Kochbücher sind Sexy

Inspiriert durch diesen Artikel, stelle ich fest, gute Kochbücher und der Playboy haben für mich viel gemeinsam.

Einerseits regen sie durch Abbildungen den Appetit an, andererseits warten sie mit sehr brauchbaren Informationen in Textform auf, die man anderswo nicht findet. Den Playboy lese ich eher sporadisch, habe aber jüngst einen erschreckenden Artikel über die flächendeckende Videoüberwachung von Johannisburg durch eine private Sicherheitsfirma gelesen. Ein wichtiges Thema, daß in der Presse sonst nirgends auftaucht.
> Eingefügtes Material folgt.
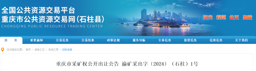 近日,重慶市石柱土家族自治縣規(guī)劃和自然資源局掛牌出讓石柱縣王家鄉(xiāng)山泉村石樁坪建筑石料用灰?guī)r礦。該礦資源儲(chǔ)量32922.6萬噸;年產(chǎn)能950萬噸;出讓年限25.9年;出讓起始價(jià)7.36億元。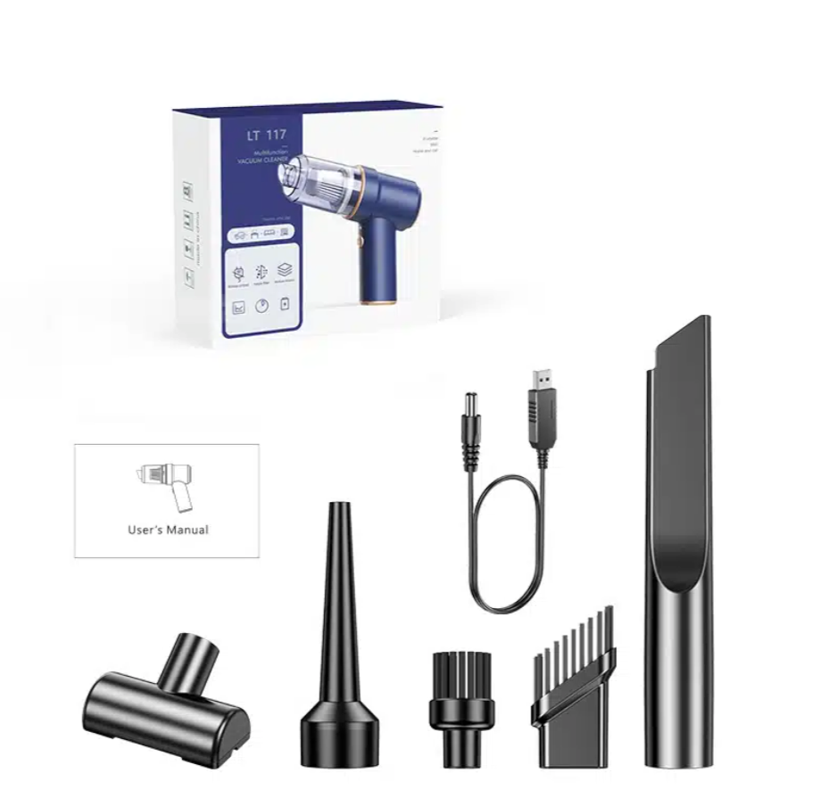Mantén tu auto, tu casa y tu oficina siempre limpios con esta aspiradora portátil, diseñada para ofrecerte máxima practicidad y poder de succión y soplo en cualquier lugar.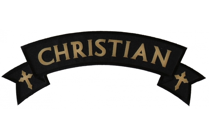 This 4 x 10 inch patch is perfect for those who are proud of their faith. It is a simple design which shows a black banner emblazoned with the word ‘Christian’ on it in stunning gold thread. It also features two Christian crosses at either end and will look superb on the back on any jacket or vest. The ‘Christian Rocker’ patch is perfect for applying to the top of your clothing and can be either ironed or sewn on with ease. However it is not recommended that you iron this patch on to leather clothing as it will damage your leather. Here is how it looks on a vest. This one was taken over a size 42 inch leather men's vest.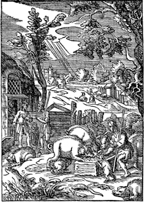 Description: The prodigal son tends pigs. Includes the monogram of the woodcutter, Christoffel van Sichem II (1577-1658); his son, Christoffel van Sichem III (1618-1659), may have collaborated with him on these images.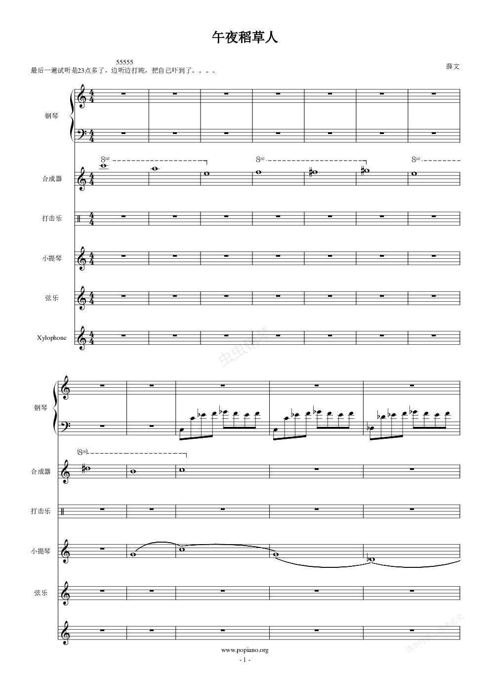 钢琴谱:午夜稻草人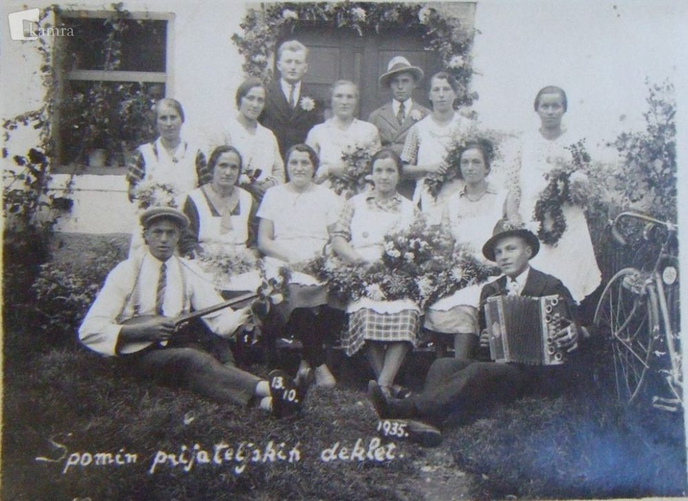 Prijateljevanje mladih v Prelski pri Velenju leta 1935 Album of Slovenia 08.12.2015 09:06 published by Janez Osetič Desno pri vratih pri fantu s klobukom je moja stara teta Nežika Kroflič (1915-2003), ki je bila pred in po drugi svetovni vojni ena glavnih cerkvenih in ljudskih pevk v Vinski Gori pri Velenju. Photo FacebookXPinterestLinkedIn Natisni Natisni brez slik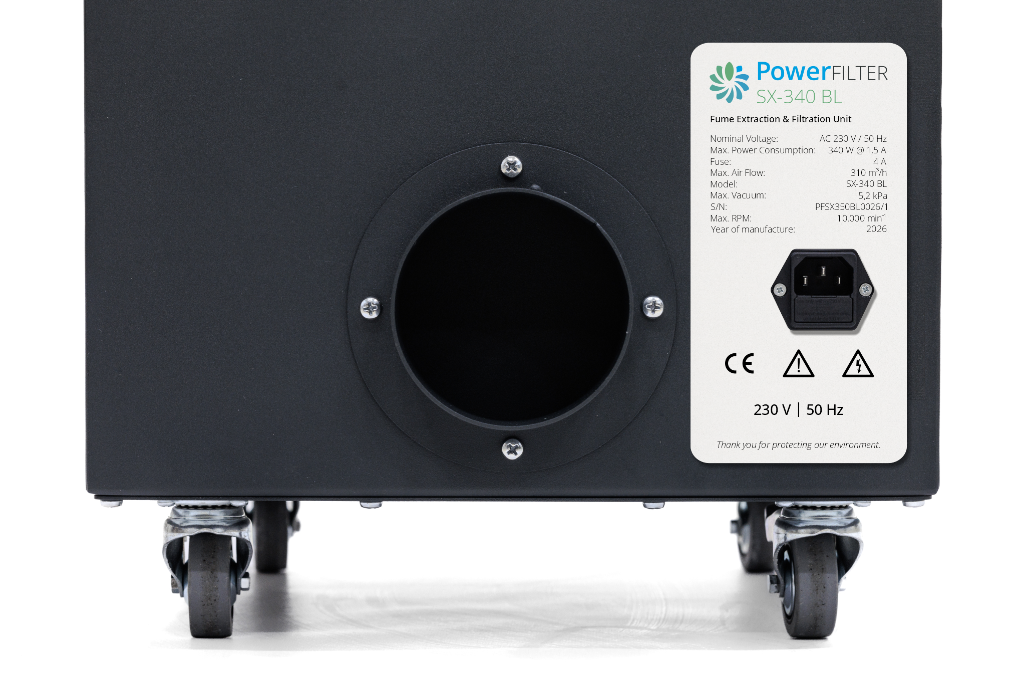 Ez a modell a PowerFILTER S-340 BL továbbfejlesztett változata, amely kifejezetten gazdaságos megoldást kínál kisebb (max. 600 mm széles) lézervágó és gravírozógépek füst-, por- és szagmentesítésére. A beépített bővítőmodul egy F9 finomságú zsebes szűrőt tartalmaz, amely megnöveli a por tárolási kapacitást, így csökkenti a szűrőcsere gyakoriságát és költségét.

Kochbücher lese ich wesentlich öfter und auch dort schaue ich mir nicht nur die Bilder an. In einem Buch über thailändische Küche habe ich hochinteressante Einzelheiten über die Herstellung von Curry-Pasten gelesen.

Beide Genres dienen ganz klar der Anregung. Essen muß man selbst. Sex haben auch. Für beides empfiehlt sich die richtige Gesellschaft, denn alleine ist es zwar möglich, macht aber nicht halb soviel Spaß.

12 Antworten auf „Kochbücher sind Sexy“

  1. Lieber Herr Passenger, nichts gegen die Heftchen, die sind prima. Bei den Kochbüchern befällt mich hingegen starker Schmerz, gibt es denn noch ein literarisches Genre, dass dermaßen ungebremst und inflationär über uns ausgeschüttet wird? Ein Volk von Feinschmeckern sollte man vermuten, irgendjemand muss die Milliarden von Anleitungen ja studieren. Stattdessen ist das meiste, das einem vorgesetzt wird, von bescheidenstem Zuschnitt, die Kochbücher können also nicht viel zu taugen. Wenn schon Anleitung, ziehe ich den direkten Erfahrungsaustausch unter Kennern vor, z. B. Ihre profunde Darstellung des Obazdawesens, die Sie uns freundlicherweise überlassen haben.

  2. lieber passanger, fellow

    sozio-historisch ist es ein wunderbares thema für recherche.
    1. bildchen von nackten frauen und männern (oder auch statuen, aber nicht mit der premisse der sexuellen erregung – ganz wichtig, s. urteilsunterlagen zur verbot der veröffentlichung von henry millers werken, in den 60 ern, in der usa; er musste seine werke in europa drucken; nach langem hinundherr in washington, waren sie dann auch erlaubt. aber für ein parenthetischen anmerkerl ist dieses zu lang. hierzu vielleicht ein ander mal.)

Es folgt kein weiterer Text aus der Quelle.